For consider your calling, brothers: not many of you were wise according to worldly standards, not many were powerful, not many were of noble birth. But God chose what is foolish in the world to shame the wise; God chose what is weak in the world to shame the strong; God chose what is low and despised in the world, even things that are not, to bring to nothing things that are, so that no human being might boast in the presence of God. And because of Him you are in Christ Jesus, who became to us wisdom from God, righteousness and sanctification and redemption, so that, as it is written, “Let the one who boasts, boast in the Lord.” (ESV)
Let me see a show of hands: How many rocket scientists do we have with us here this morning? How many 4-star generals? How many mayors do we have here at church this morning? Governors? Congressmen? Congresswomen? Any members of royalty with us here this morning? None? Apparently, we have something in common with the church that Paul was writing to in Corinth. Most of them were just “ordinary” people like you and me. Paul writes in the first verse of our text, “not many of you were wise according to worldly standards, not many were powerful, not many were of noble birth.“ (v. 26)
This general observation still holds true today. How many people who control the media in our country, how many movie stars and entertainers, how many billionaire industry leaders, how many world-renowned scholars are Bible-believing, church-going Christians? There are some, no doubt, but like Paul said “not many.” When we take a look at our small Lutheran church body (the CLC) and our small Lutheran congregation, we will quickly realize that there really aren’t many at all among us who are “wise according to worldly standards, not many were powerful, not many were of noble birth.“ From a worldly perspective this should give us an inferiority complex. But our glory is not our intelligence, might, or nobility in the eyes of the world. We glory in someone and something far greater. Our boast is in the One who by His grace has made us numbered among the wisest and most powerful people ever to walk the face of this earth. The Lord, our creator, redeemer, and comforter is our glory! Therefore, Let us Boast in the LORD! We 1. Boast in the Wisdom of His “Foolishness,” and 2. Boast in the Strength of our “Weakness.”

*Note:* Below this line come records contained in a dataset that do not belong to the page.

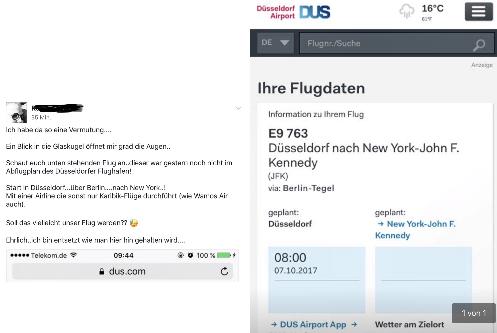 ...schau mal auf Facebook, da ist etwas zum Flug von Düsseldorf nach New York gepostet!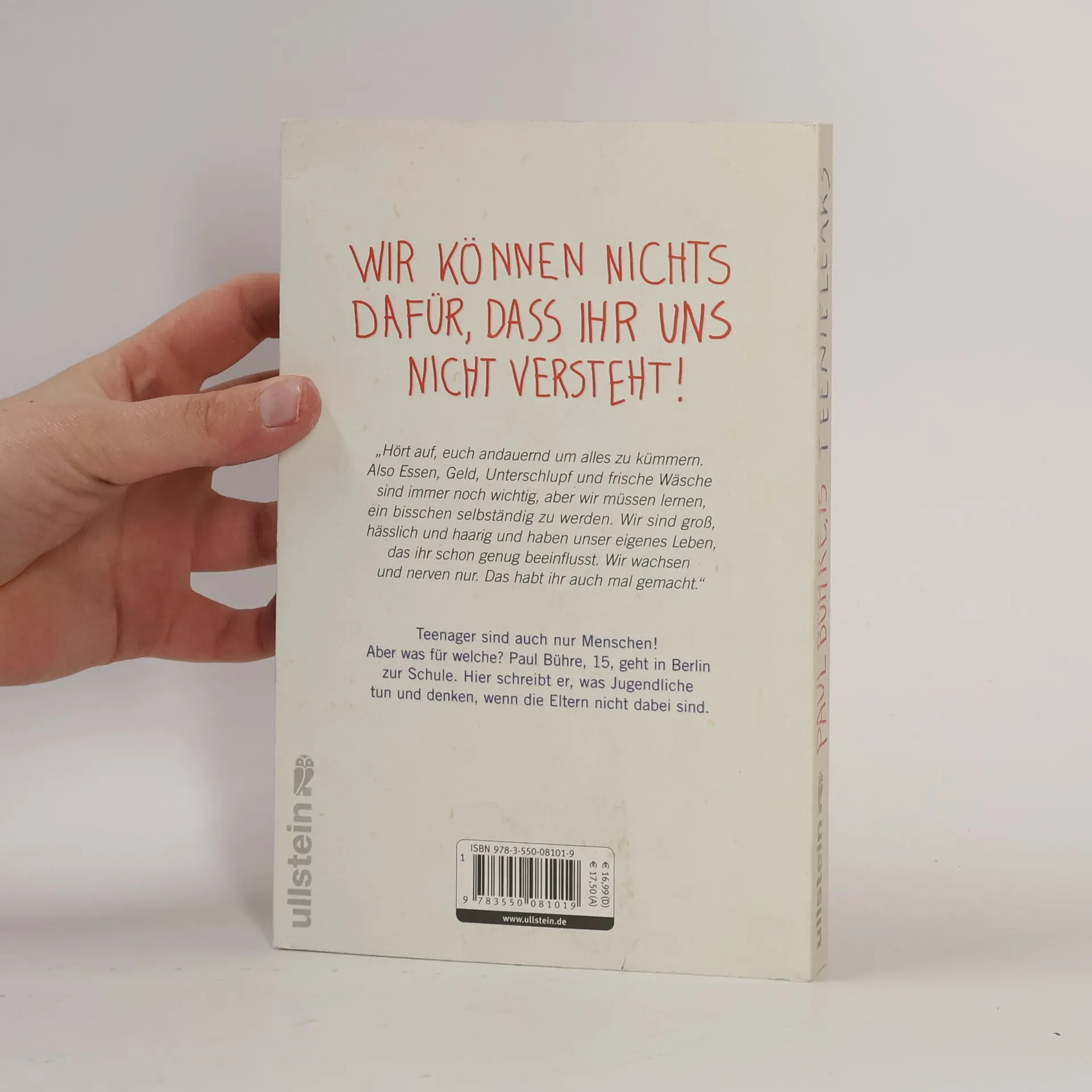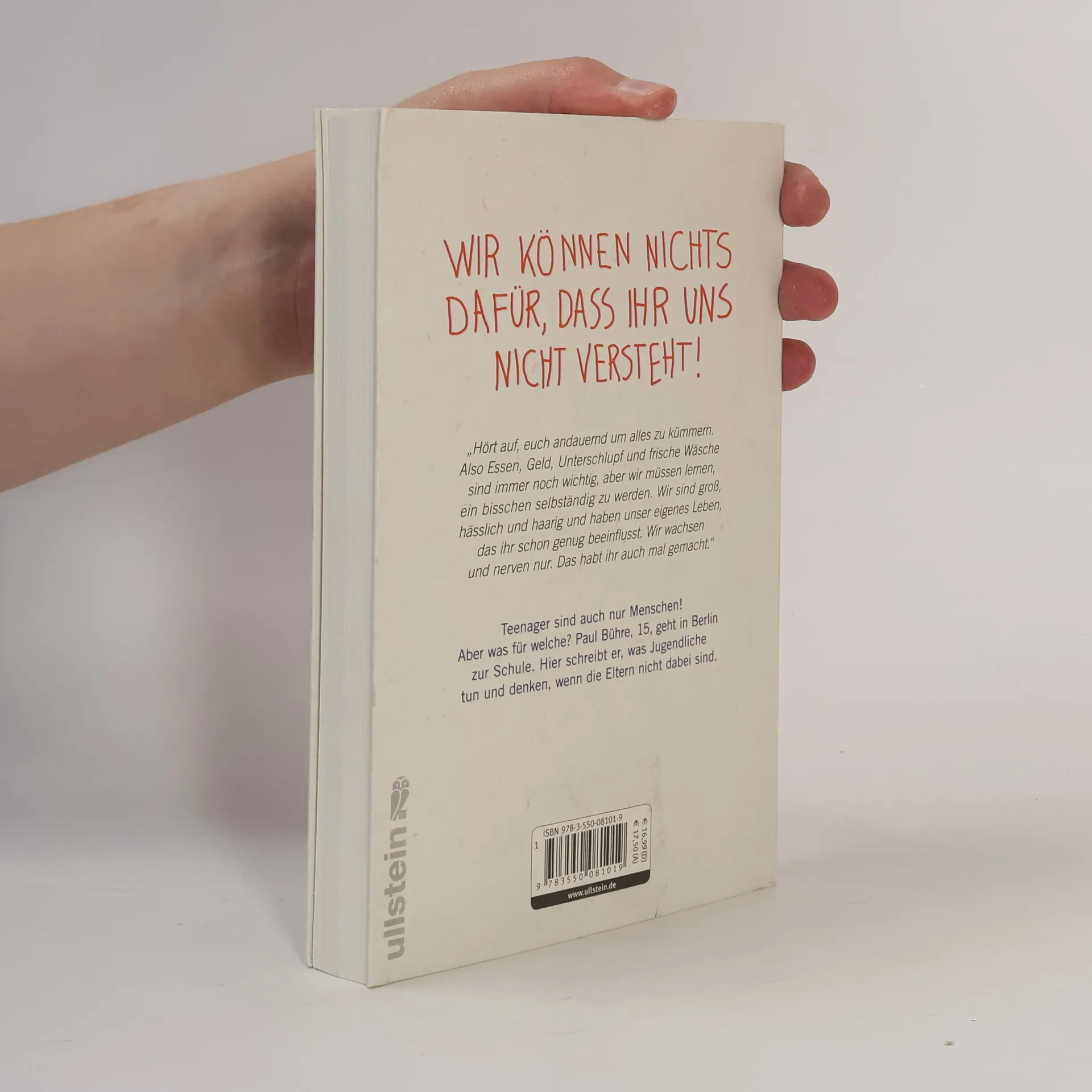 Teenager sind auch nur Menschen! Aber was für welche? Paul Bühre, 15, geht in Berlin zur Schule. Hier schreibt er, was Jugendliche tun und denken, wenn die Eltern nicht dabei sind. Konsumorientiert, pornographieverdorben und jederzeit bereit, das Geschenk von Oma gegen Gras oder Wodka-Energy einzutauschen? Bisher kennen wir den Pubertätsalltag hauptsächlich aus der Sicht von verunsicherten Eltern, überlasteten Lehrern oder gar Familientherapeuten. Jetzt gewährt erstmals ein 15-Jähriger Einblick in das, was ihm und seiner Generation wichtig ist. Er erzählt von Computerspielen, Unterhosenmoden, Mädchenkleidung, Schüleraustausch, Verliebtsein in Zeiten des Internets und diesen Momenten, in denen alles zu viel wird. Und von Eltern, die ständig nur das Beste wollen, aber damit genau das Gegenteil erreichen.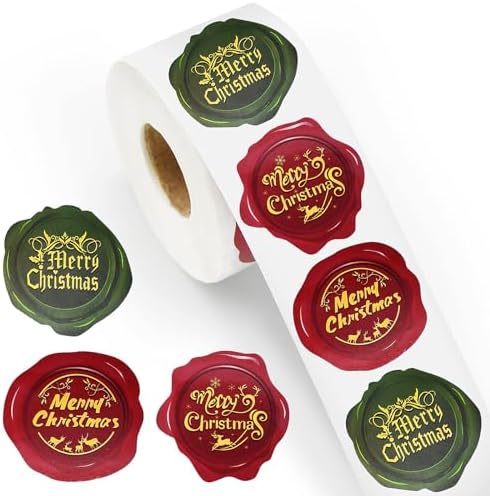 View full details500 Pieces 1.5 Inch Christmas Stickers Roll for Envelope - 3 Designs Stamp Shape Round Merry Christmas Sticker Self Adhesive Tag Seals Labels for Holiday Greeting, Sealing, Gifting, Gift Decorations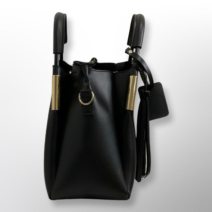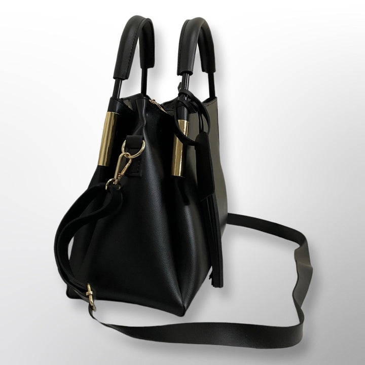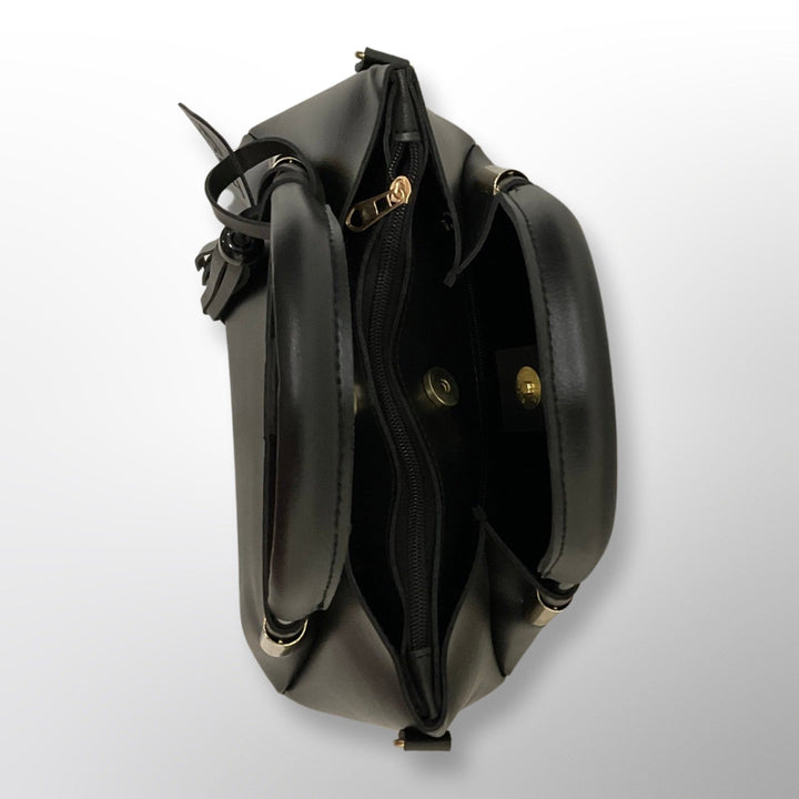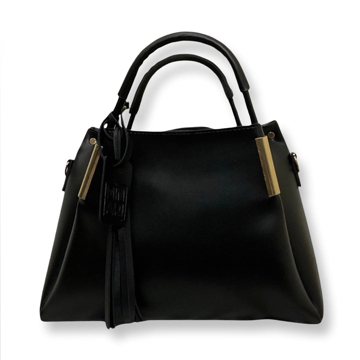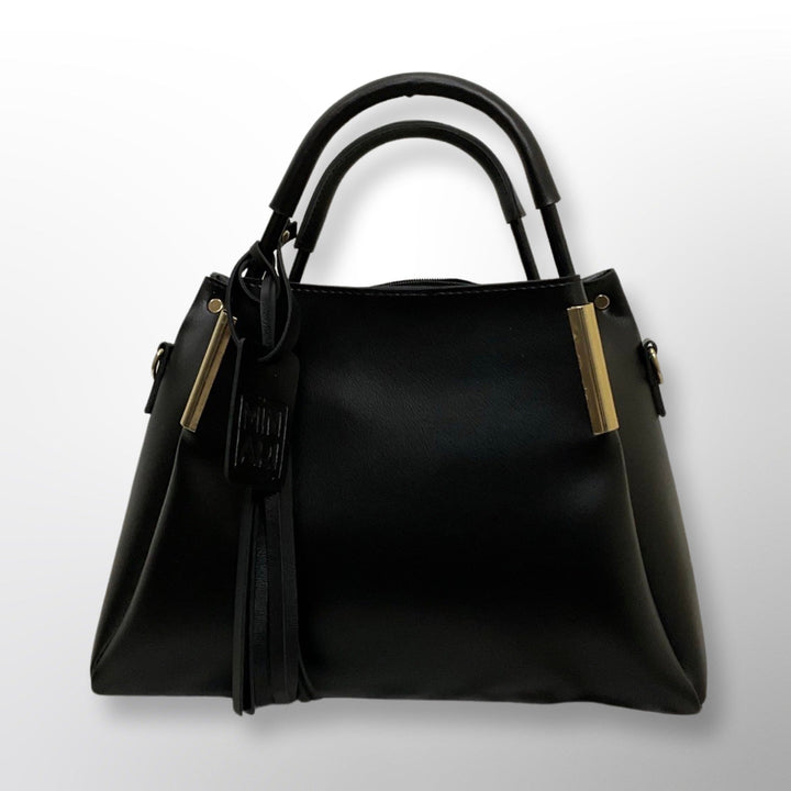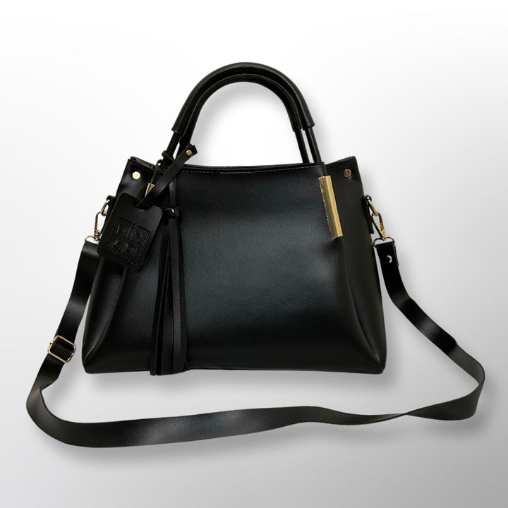 This chic women's shoulder handbag, made from premium vegan leather, elegantly combines style with practicality. Boasting a spacious design, it includes two sturdy metal handles, a detachable long shoulder strap for versatility, and a secure internal zipper pocket. Accented with a playful tassel and a custom leather brand label, this handbag ensures a sophisticated look for any occasion.

It is very easy, isn’t it, to fall into the trap of placing too high a value on the “wisdom” of the world. If we don’t have enough degrees hanging on our wall we can feel like no one is going to listen seriously to what we have to say. We can become intimidated by the “intellectuals” of our world who look down upon us as being “simple minded” for trusting in Jesus, and being “closed minded” for following the Words of Scripture as the one source of truth and life. Yet, this is not how the Bible talks about the “wisdom” of the world. There are certainly many things we can learn and be taught by secular teachers that is very useful and important for this life, but that is where this “wisdom” will end—in this life. The only true wisdom that will carry on into eternity is the wisdom of God, the wisdom of Salvation found in Jesus Christ and Him Crucified (cf. 2 Timothy 3:15). Don’t expect the unbelieving world to value this wisdom, however. Paul says just a few verses before our sermon text, “For the message of the cross is foolishness to those who are perishing, but to us who are being saved it is the power of God…For since, in the wisdom of God, the world through wisdom did not know God, it pleased God through the foolishness of the message preached to save those who believe.” (1 Corinthians 1:18,21 NKJV)
Worldly opinion does not, and cannot, change the value of God’s wisdom of salvation in Christ. One Lutheran scholar once wrote, “Humanity has never saved a single soul; divinity alone can do that. The beauties of art, the discoveries of science, the charms of music, the attractions of the drama, the speculations of philosophy—none of these has ever brought true peace to a single sinner’s soul. Not in all the ages that have passed. Only one thing can do that: the ‘foolishness’ of the preaching of the cross of Christ.” (Lenski, R.C.H., Eisenach Epistle Selections Vol. I, p. 373)
All the wisdom of the world is shown to be “foolishness” in reality, since it cannot even answer the great questions of life that are asked by every soul: “Who am I? Where did I come from? Where am I going, and how am I going to get there?” Only the Bible can answer these questions with the Truth. This is why Paul says in our text, “But God chose what is foolish in the world to shame the wise.” (v. 27a)
He goes on to say in this same verse, “God chose what is weak in the world to shame the strong.” (v. 27b) This has been God’s chosen method of operation throughout history.
God chose a shepherd boy, David, to kill a mighty giant with a sling and a stone and went on to make him Israel’s mightiest king. Worldly wisdom and common sense would have told David to turn tail and run once he found out Saul’s armor didn’t fit him.
God’s very own Son, Jesus, the One by whom all things were made was born in a cattle barn to a humble young virgin and a lowly carpenter. Worldly wisdom and common sense would have had Jesus born in a palace to the king of Israel, but the king wasn’t even interested in letting this baby Savior live.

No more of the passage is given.